Так я сидела на кушетке, думая обо всем этом, пока не стало темнеть, и мне опять стало страшно. Я не знала, что делать. Я подтянула колени к подбородку, забилась в самый угол кушетки и заплакала. Я не могла включить свет. Бог запрещал маленьким девочкам самим делать это.

– Ты верила в Бога? – спросил Джек.

– Верила, – ответила она.

– И это спасало тебя?

– В темноте-то? Нет, никакая вера не помогала. Меня спас ее приход. Было уже девять часов вечера. Я девять часов просидела одна.

Я пыталась себя успокоить, говорила себе, что сосчитаю до шестидесяти, а потом позвоню Джен, обязательно позвоню. Сосчитаю до шестидесяти и позвоню. А потом еще до шестидесяти. И уж тогда-то позвоню. Я, наверное, проделывала это раз сто.

И тут вернулась она. Она включила свет в гостиной и сказала: «Натали, сними ноги с кушетки». И пошла спать.

Джек ошарашенно смотрел на Талли.

Талли кивнула.

– Да, она пошла спать. А я так и осталась сидеть на кушетке. Считала овец, пока сон не сморил меня. Утром я так и проснулась в гостиной на кушетке и пошла в постель.

Джек и Талли помолчали. Потом он спросил:

– Она так ничего тебе и не сказала?

– Да, в воскресенье.
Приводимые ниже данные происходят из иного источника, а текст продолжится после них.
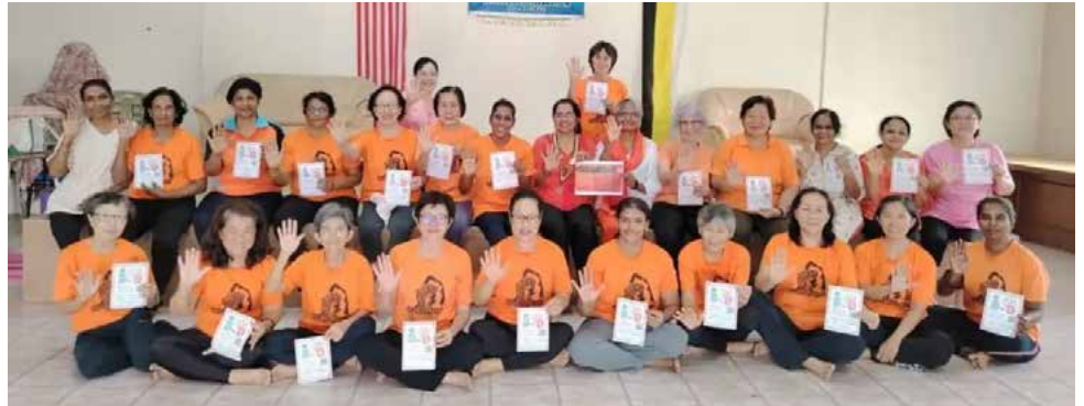
Creating Awareness on OtW campaign- 30.11.24

Я спросила ее: «Ма, где папа и Хэнк?» Она ответила: «Я не знаю». Я спросила, вернутся ли они. «Не знаю», – ответила она мне.

– И все? – спросил Джек.

– Все. Ясное дело, они не вернулись. Папа, верно, давно готовился к побегу, потому что они словно сквозь землю провалились. Полиция искала их несколько месяцев. Мать устроила на него настоящую охоту.

– А в лавке спрашивали?

– Конечно. Они зашли, как всегда, в лавку, купили конфет и газету. Отец был в кепке, запомнила продавщица, потому что раньше он никогда ее не носил.

– И больше никто их не видел?

– Нет.

– И он никогда не давал о себе знать?

Талли покачала головой, не в силах вымолвить ни слова.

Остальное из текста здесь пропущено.